___ RECORDS FOR PROCESSING

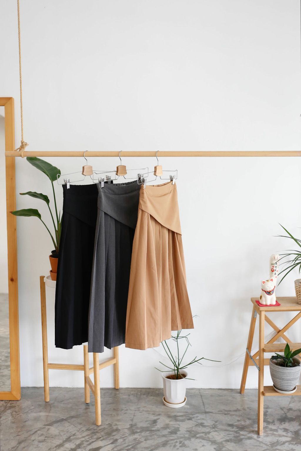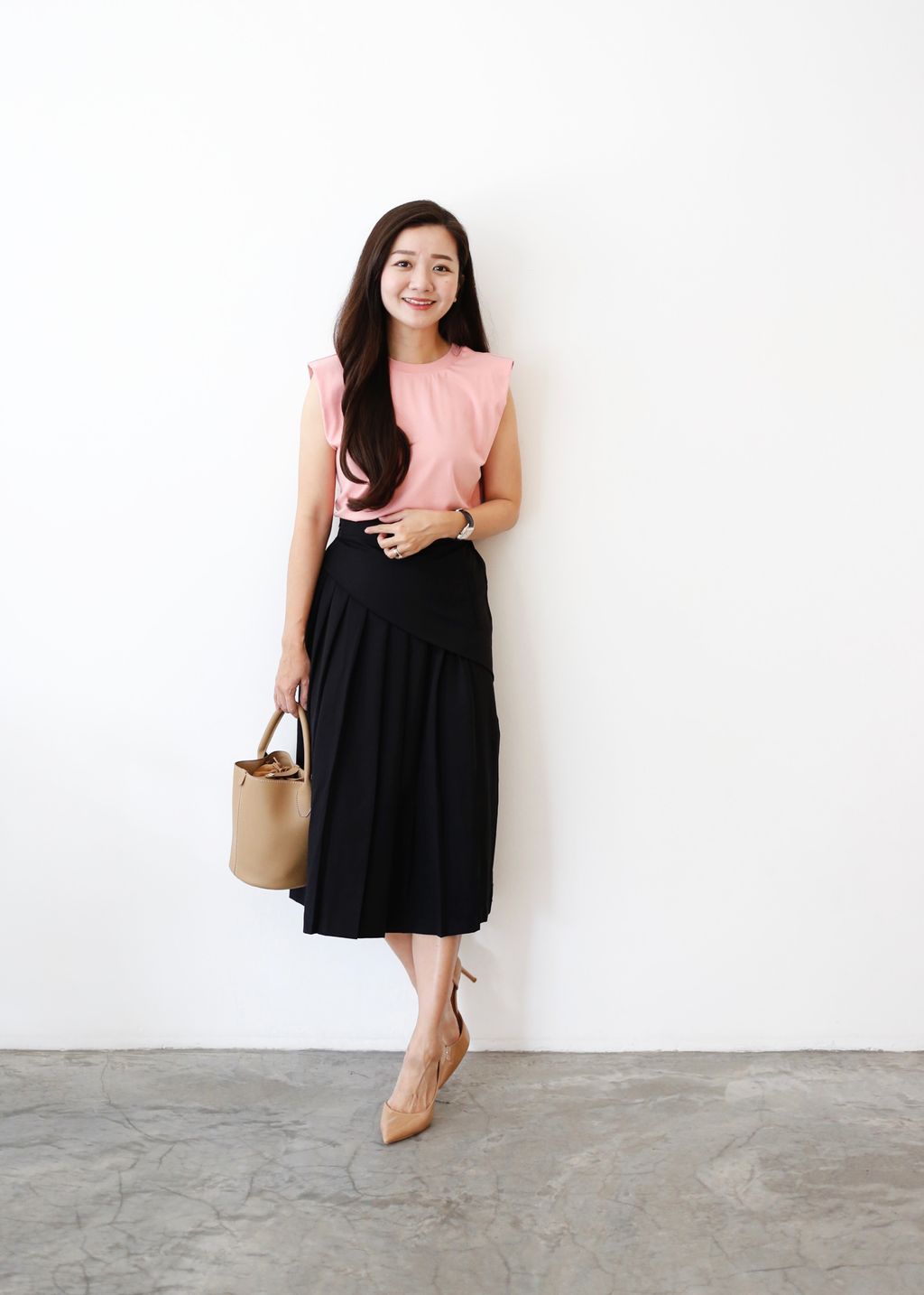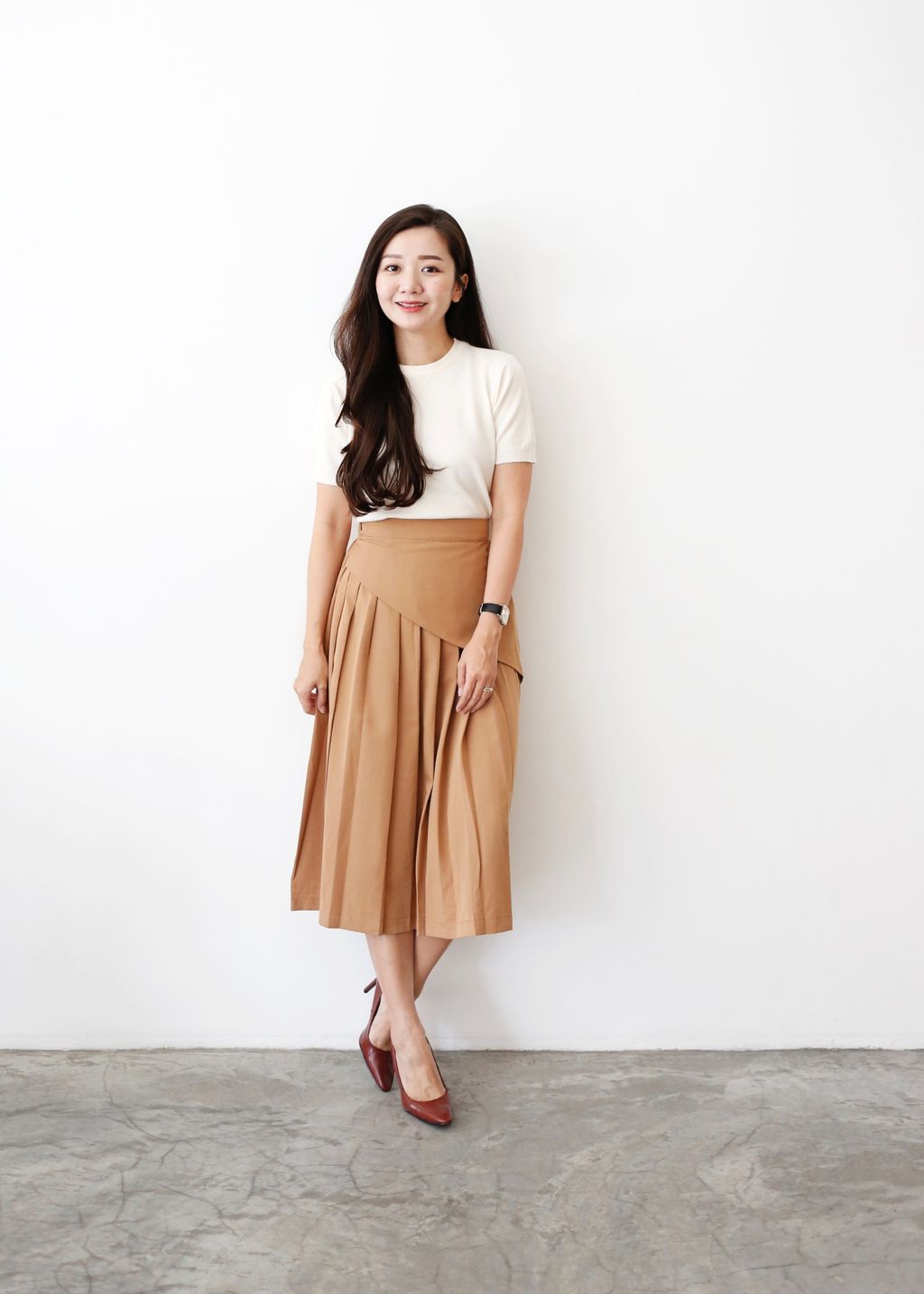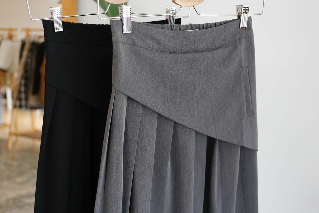 Type: Slant Cut Front Pleated Midi Skirt | Side Zipper | Stretchable Waistband | Suit Fabric
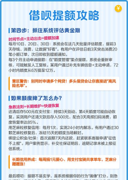 借呗额度提升需避免逾期、保持账户活跃度,同时注意征信查询次数,以免影响信用评分和额度评估结果。
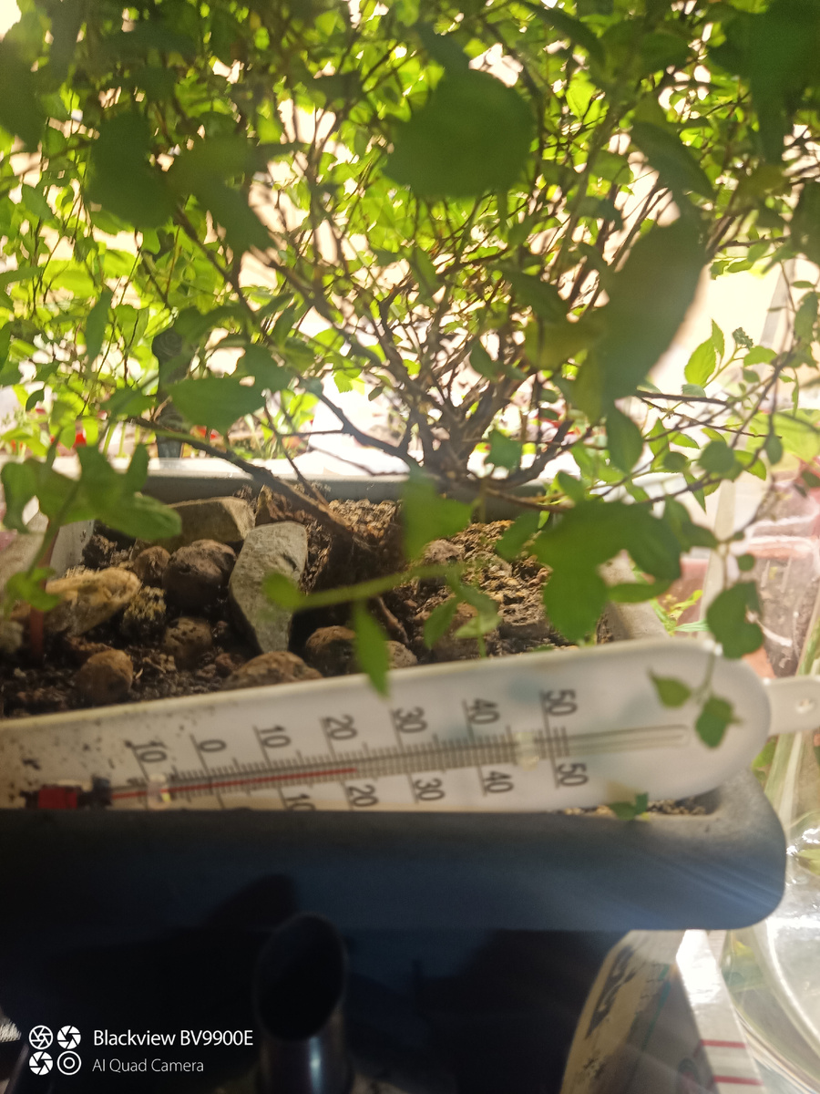 Друзья, вот я вам сейчас покажу про температуру. У меня два места, где растут растения - на окне и на столе. У меня есть два термометра из фикса, просто для общего понимания дела. Один в горшке на столе: Второй на окне, в теплице. Это обычные воздушные термометры. Они показывают температуру воздуха. Почвенный термометр я оставила на даче. Ну вот, дурочка. Но зато у меня есть дистанционный, который очень быстро изменяет температуру поверхности. Выглядит он вот так. Нажимаешь на кнопочку, и а экране видно температуры. Итак, приступим. Температура воздуха и температура поверхностей, которые не подогреваются и не охлаждаются, одинаковые. Так что измеряем просто стену. 24°С. Примерно как и мои спиртовые показывают с учётом погрешности. На окне теплица. Она нужна, напомню, чтобы растения не замёрзли. Потому что я всегда держу приоткрытым окно. И вот что на створке. Минус два! На подоконнике рядом 7°. В садике котика 12,9. На подоконнике рядом почти 14. Тут бы и капусте понравилось. В теп
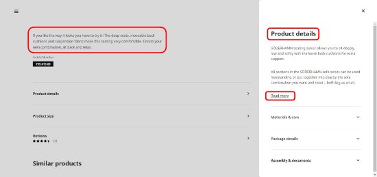 anuncios Aún mejor es ocultar detalles específicos, como hace Ikea en su sitio web. En la captura de pantalla a continuación, puede ver una breve descripción y dos secciones más: "Detalles del producto" y "Tamaño del producto".
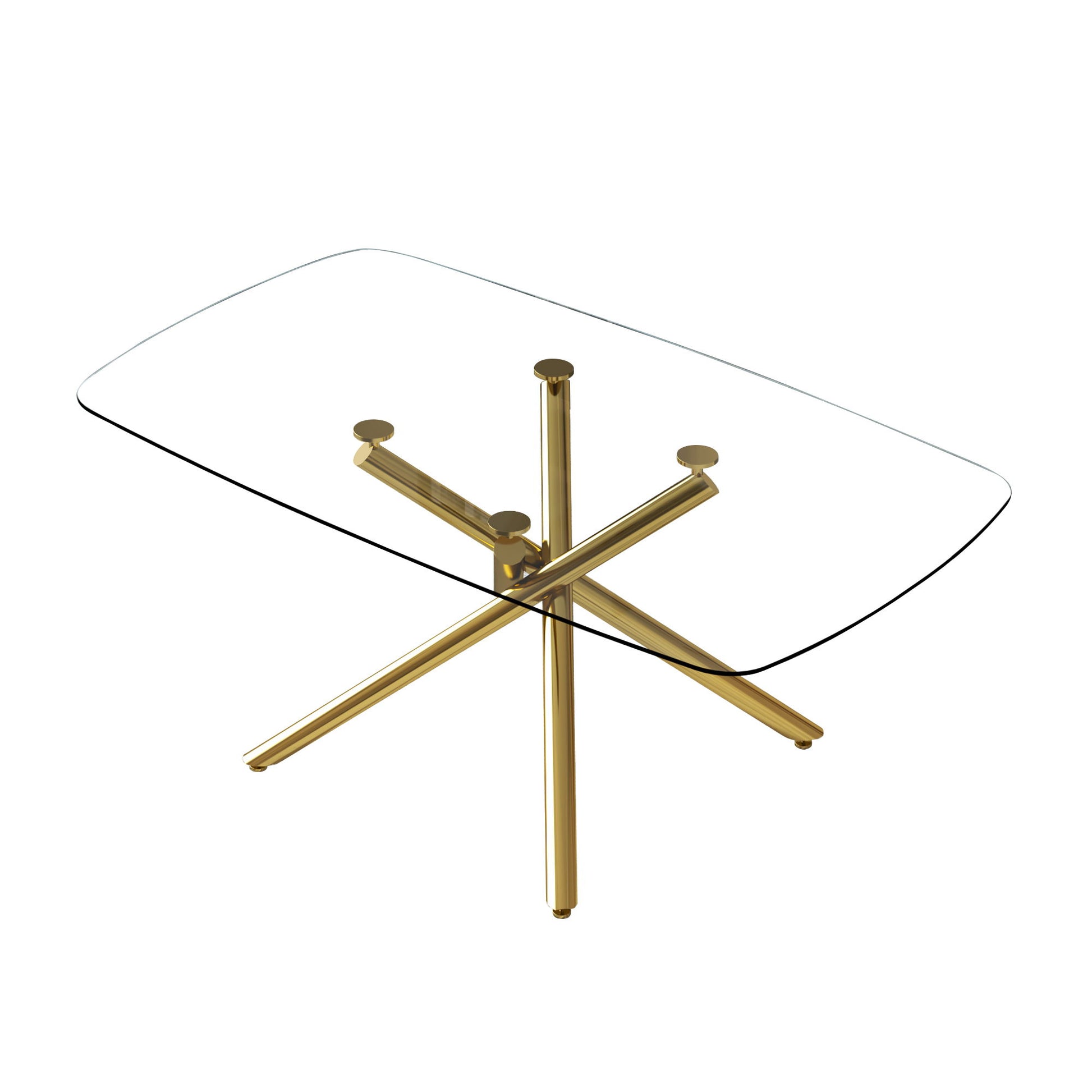 Modern Minimalist Glass Dining Table With 0.39" Tempered Glass Top & en Metal Legs For 6 - 8 People - Golden
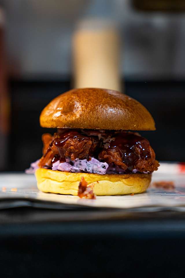 - Contramuslo de pollo en tempura, frito y crujiente, con salsa BBQ casera, coleslaw y bacon crujiente, en un pan brioche.
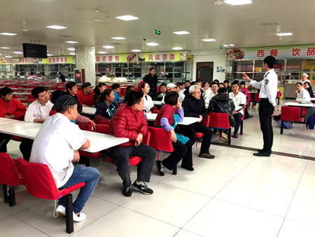 为增强饮食中心全体员工的消防安全意识,让员工都具备基本的消防安全常识、掌握基本的防范和应急措施,12月26日下午13时,学院饮食中心特邀威海市安防安监的徐教官开展消防安全知识培训。饮食中心全体员工到场参加培训。
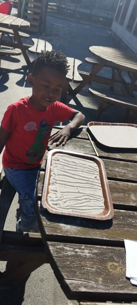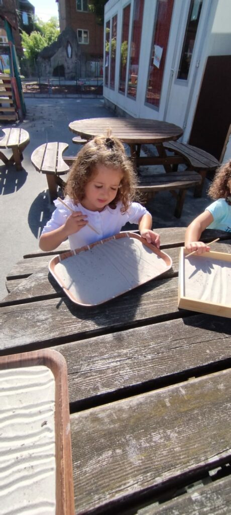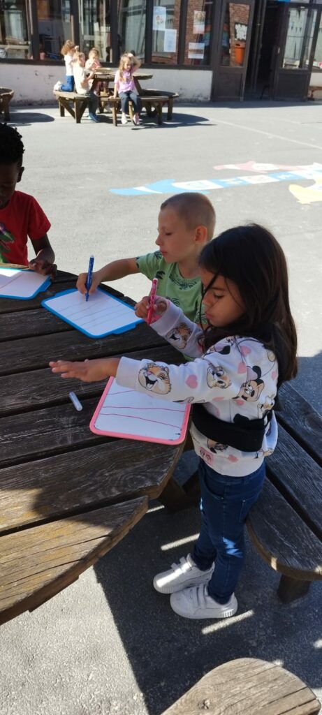 Nos apprentissages… La ligne n’aura plus de secret pour eux ! Travail en classe Nous travaillons la ligne dehors aussi, au soleil !
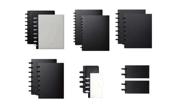ページを縦に斜めにすると、カバー、用紙、ファイルが簡単に取り付け取り外し、メモをカテゴリー分けしたり、クリアファイルの隣に用紙を入れて管理したり整理整頓が簡単にできるカスタマイズノートとして2015年7月に発表されました。
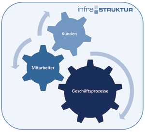 Genau hier setzt das Konzept der NETZkultur GmbH in Lippstadt ein. Sie hat eine eine leicht zu implementierende Softwarelösung unter dem Namen infra-struktur entwickelt, die in der Lage ist, jederzeit alle wichtigen Informationen bereitzustellen. Diese modulare Software-Plattform, die speziell für die Bedürfnisse von kleinen und mittelständischen Unternehmen entwickelt wurde, läßt sich branchenübergreifend einsetzen.
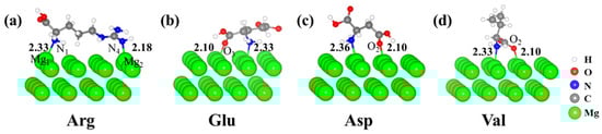 Following optimization calculations, the adsorption configurations of four amino acid molecules on the Mg(0001) surfaces were determined to reach their lowest energy states. The optimized adsorption configurations of Arg, Glu, Asp, and Val on the Mg(0001) surfaces are presented in Figure 2. Notable differences in the adsorption sites and modes were observed for the various amino acids. Specifically, Arg interacted strongly with the Mg surface through its amino and guanidino groups, whereas Glu, Asp, and Val formed bonds with the Mg surfaces primarily through their amino and carboxyl groups. The Eads, calculated using Equation (1), are shown in Table 1. The calculated Eads values, ranked by descending absolute magnitude, were as follows: Arg (−1.67 eV) > Glu (−1.31 eV) > Asp (−1.23 eV) > Val (−1.16 eV). These results indicate that Arg exhibited the strongest Eads on the Mg(0001) surface, suggesting that its adsorption behavior was the most stable among the four amino acids studied.

______

§ TASK REQUIREMENTS: Could the lines from the top of the material through the line with "借呗额度提升需避免逾期、保持" be repeated exactly, pictures left out?

§ ANSWER AREA:
 Type: Slant Cut Front Pleated Midi Skirt | Side Zipper | Stretchable Waistband | Suit Fabric
 借呗额度提升需避免逾期、保持账户活跃度,同时注意征信查询次数,以免影响信用评分和额度评估结果。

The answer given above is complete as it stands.